Rabbit anti pan cadherin

Whole cell lysates and cell surface cell lysates from bEnd.3 and mouse primary neurons were loaded into 4%–12% Tris-glycine SDS-page gels (Invitrogen) and allowed to migrate for 1 h at 180 V. Samples were then transferred onto polyvinylidene fluoride (PVDF) membranes using an iBlot 2 Dry Blotting System (Invitrogen) on the P0 program (20 V for 1 min, 23 V for 4 min, 25 V for 2 min). PVDF membranes were then rinsed with Tris-buffered saline with 0.1% Tween 20 (TBST) and blocked for 1 h in 5% non-fat dry milk in TBST (blocking buffer). Membranes were subsequently probed overnight at 4°C with primary antibodies mouse anti-TfR H68.4 (1:500, Thermo Fisher), rabbit anti-Pan Cadherin (1:1,000, Cell Signaling Technologies), or mouse anti-tubulin (1:1,000, Cell Signaling Technologies) diluted in blocking buffer.
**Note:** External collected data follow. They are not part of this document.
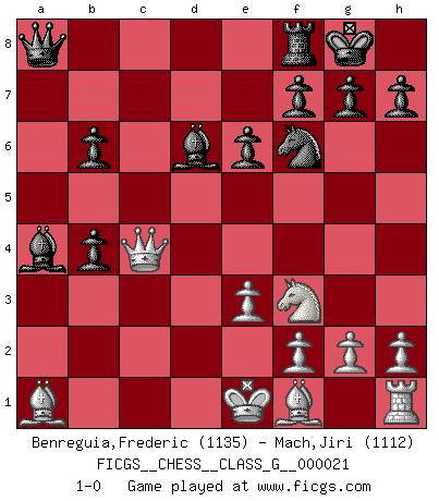 Last move : 1-0 2008 September 14 1:47:24 [Event "FICGS__CHESS__CLASS_G__000021"] [Site "FICGS"] [Date "2008.05.12"] [Round "1"] [White "Benreguia,Frederic"] [Black "Mach,Jiri"] [Result "1-0"] [WhiteElo "1135"] [BlackElo "1112"] 1.Nf3 Nf6 2.d4 d5 3.b4 e6 4.a3 a5 5.Bb2 axb4 6.axb4 Rxa1 7.Bxa1 Bxb4+ 8.c3 Bd6 9.Qa4+ Bd7 10.Qa7 b6 11.Na3 O-O 12.e3 Nc6 13.Qa4 Nxd4 14.Qxd4 Qa8 15.Nc2 Ba4 16.Nb4 c5 17.Qd3 cxb4 18.c4 dxc4 19.Qxc4 1-0 This chess game has been lost on time (started : 2008.05.12 10:0:12) Reti Opening Kingside Castling by player Black (move 11) Player White won this chess game. Follow this game move after move (download)Different people feel differently about resigning. (Bobby Fischer) Um sich vor der Gefahr einer Erkältung zu schützen, sorge der wanderlustige König beizeiten für ein brauchbares Versteck. (Aaron Nimzowitsch) El ganador de una partida es aquel jugador que hace el penúltimo error. (Savielly Tartakover) Le système Elo représente seulement une moyenne. Il est simplement un indicateur de votre stabilité. (Anatoli Karpov) Pretend inferiority and encourage his arrogance. (Sun Tzu)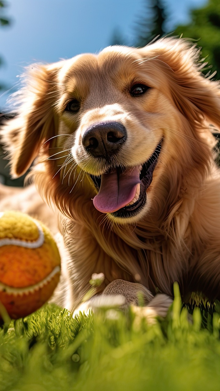 Edytor tapety: Golden retriever z piłką na trawie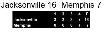 Jacksonville Bulls 16, Memphis Showboats 7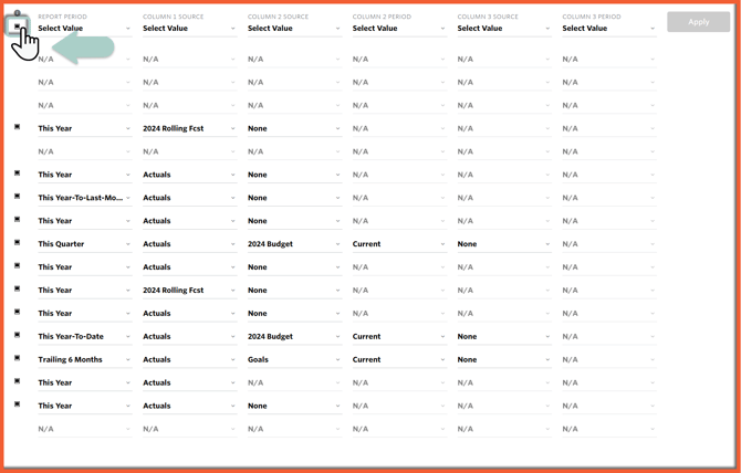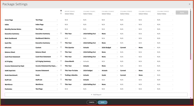 The top row contains the Column Settings. When one or more checkboxes are selected, the Column Settings are activated. This enables you to change the Report Period, Column 1 Source, Column 2 Source, and Column 2 Period, for all of the selected reports.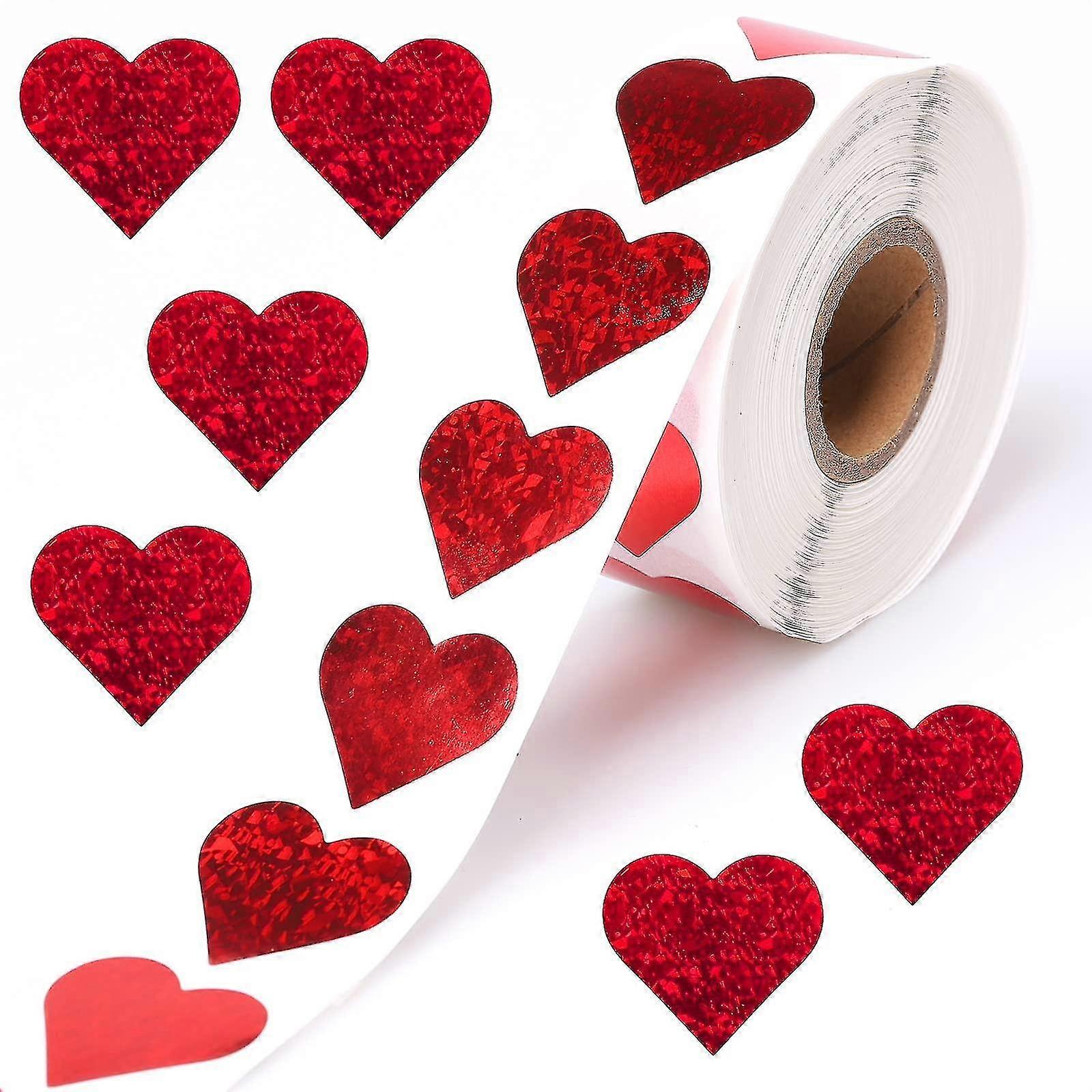 500 Pcs 1" Holographic Red Heart Stickers Roll, Glitter Tiny Hearts Sticker For Kids, Use For Valentines Day Love Decorations, Award Charts, Scrapbook
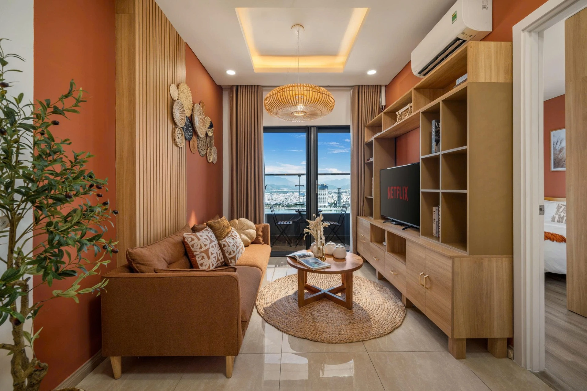 Bước vào căn hộ 2 phòng ngủ được thiết kế tinh tế, tông gạch nung và chất liệu tự nhiên tạo cảm giác ấm cúng và thư giãn. Từ tầng 27, chỉ vài phút từ sông Hàn và Cầu Rồng, căn hộ kết hợp giữa thẩm mỹ hiện đại và tiện nghi thực tế cho cuộc sống hàng ngày.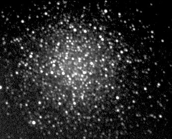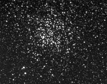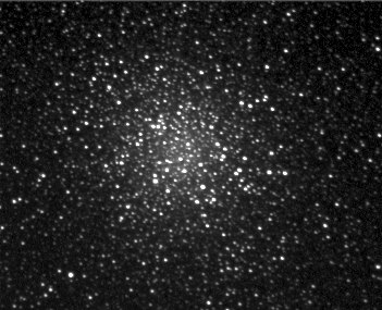 M22, Summe aus 10 Aufnahmen zu je 10 Sekunden. Unscharfe Maske. Schön kommt das diffuse Zentrum dieses großen Kugelsternhaufens heraus. |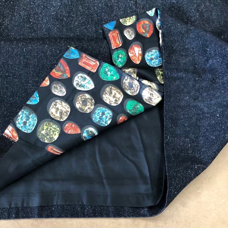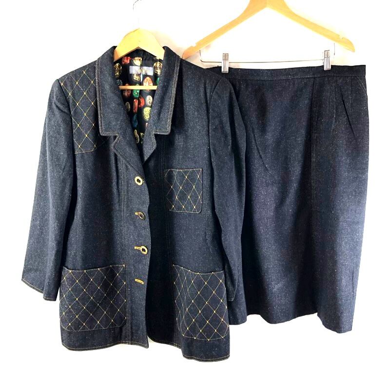 remalon セットアップ ジャケット スカート 裏地柄プリント 金ボタン 袖ボタン サイドポケット ステッチデザイン デニム生地 黒系 973194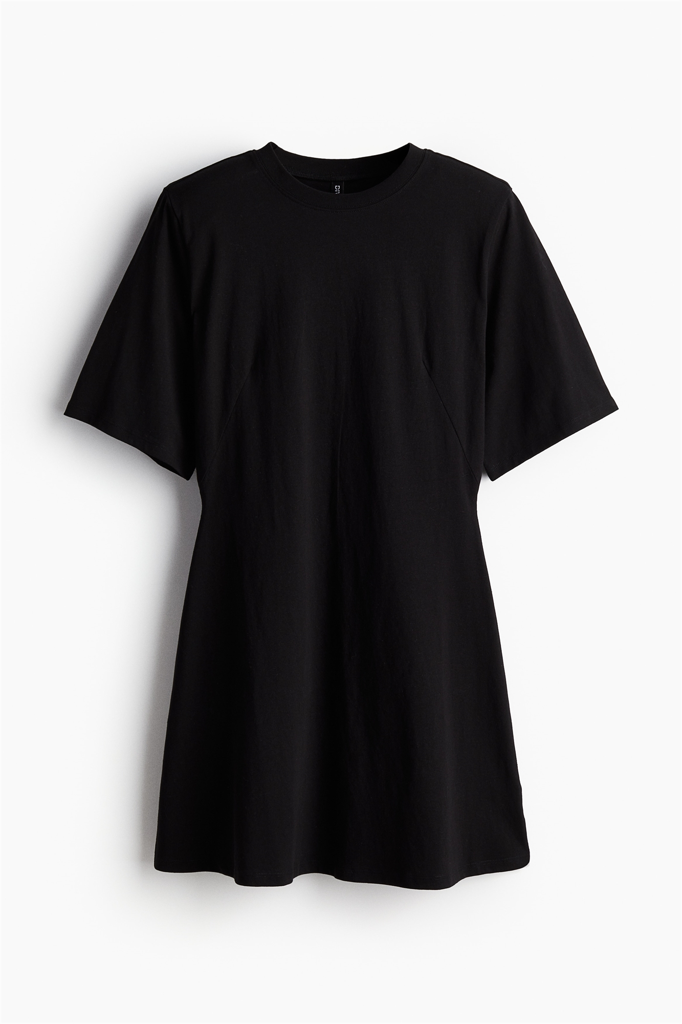 Короткое платье-футболка свободного кроя из мягкого хлопкового джерси с ребристой отделкой по вырезу горловины, подплечниками и прямым покроем подола.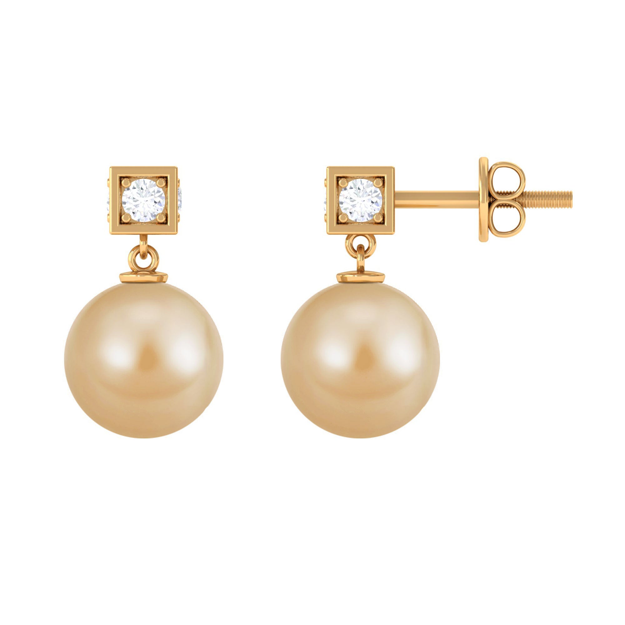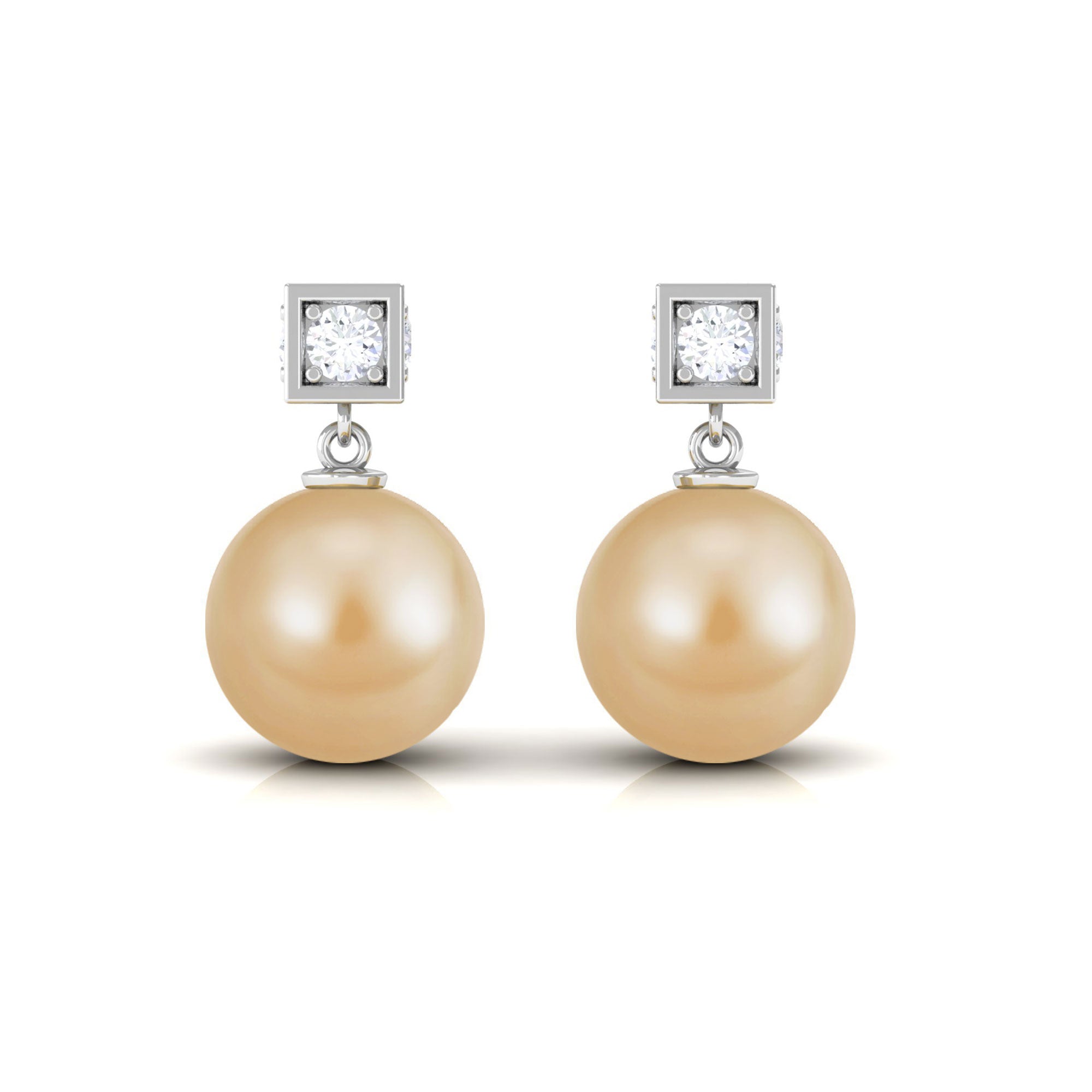 A spectacular and stunning Diamond South Sea Pearl Earring is embellished with a Round Diamond. The solitaire South Sea Pearl is captivating and attention-grabbing. Add oomph to your personality with this South Sea Pearl shimmering centerpiece.

Membranes were then rinsed multiple times with TBST before being subjected to probing with secondary antibodies diluted in TBST for 1 h at room temperature (1:10,000 diluted HRP-coupled goat anti-mouse IgG or goat anti-rabbit IgG, GE Healthcare). Following secondary antibody incubation, membranes were rinsed thoroughly with TBST and were subsequently imaged using a LICOR Odyssey Imager and quantified using Multi-Gauge v3.0.